From the line that contains "The Supermicro GrandTwin" through the last line of the data, copy everything exactly and nothing else, omitting the pictures.

■ Raw data ■
[Start of Attachment]
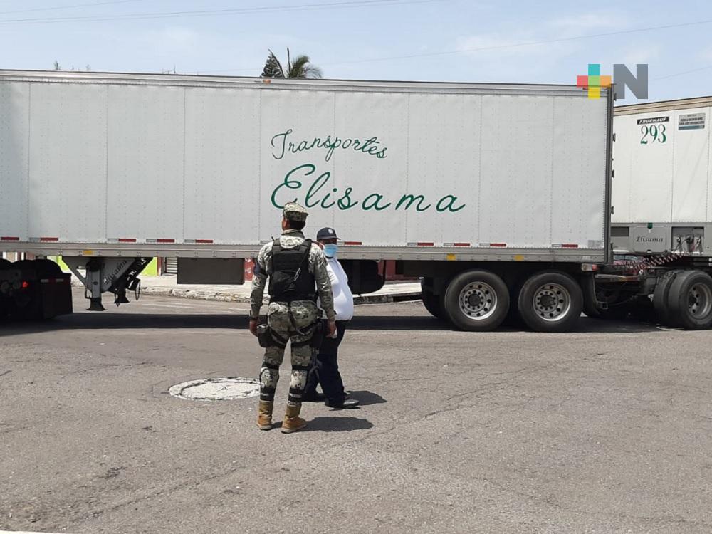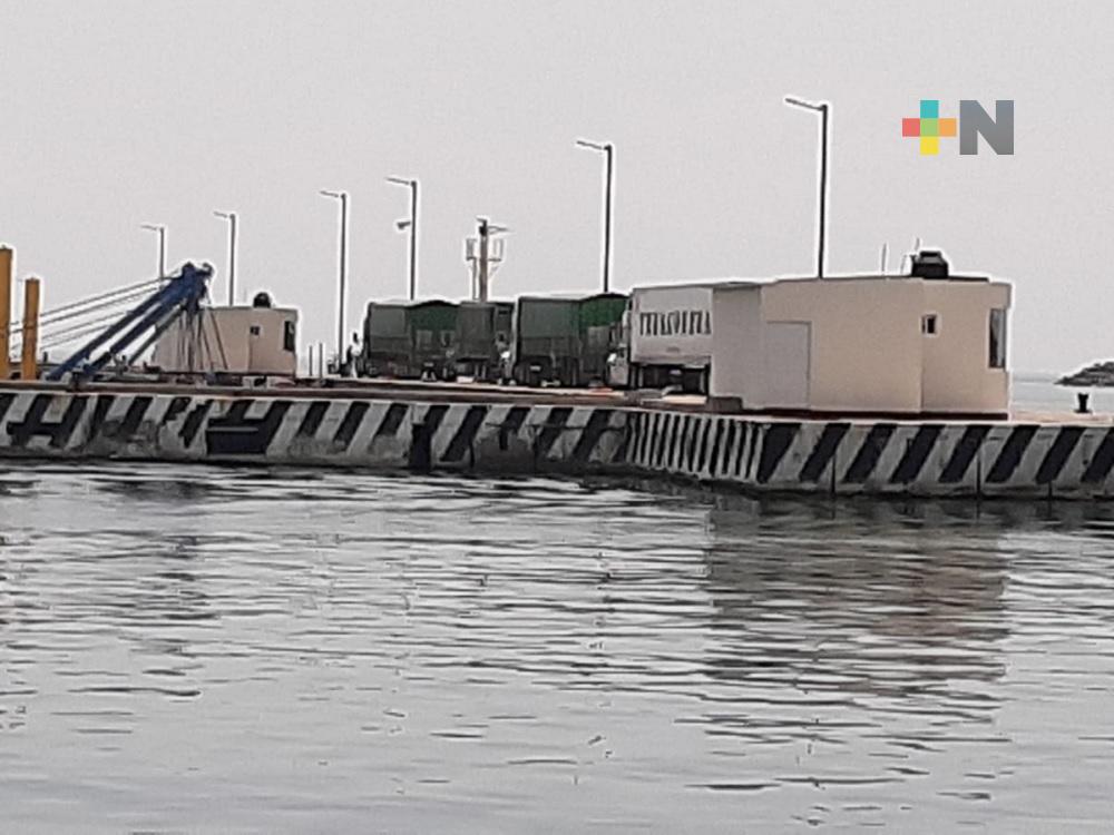 Este mediodía de jueves llegaron al muelle de Veracruz varios camiones de carga pesada con insumos: medicamentos y alimentos.
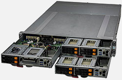 The Supermicro GrandTwin SuperServer 210GT-HNTF | SYS-210GT-HNTF can be configured with 2.5" drives, a more space efficient and low noise option. These drives also offer energy savings and increased flexibility.
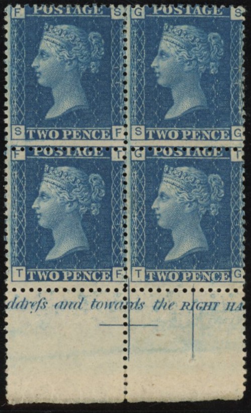 Very fine and fresh unused, with original gum, bottom marginal block of four showing part sheet inscription lettered 'SF-TG' ('TF-TG' are unmounted mint).
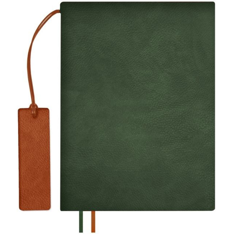 Ежедневник с гибкой обложкой и закладкой из искусственной кожи, дополнен капталом и двойным ляссе.
[End of Attachment]
■ Completed task ■
 The Supermicro GrandTwin SuperServer 210GT-HNTF | SYS-210GT-HNTF can be configured with 2.5" drives, a more space efficient and low noise option. These drives also offer energy savings and increased flexibility.
 Very fine and fresh unused, with original gum, bottom marginal block of four showing part sheet inscription lettered 'SF-TG' ('TF-TG' are unmounted mint).
 Ежедневник с гибкой обложкой и закладкой из искусственной кожи, дополнен капталом и двойным ляссе.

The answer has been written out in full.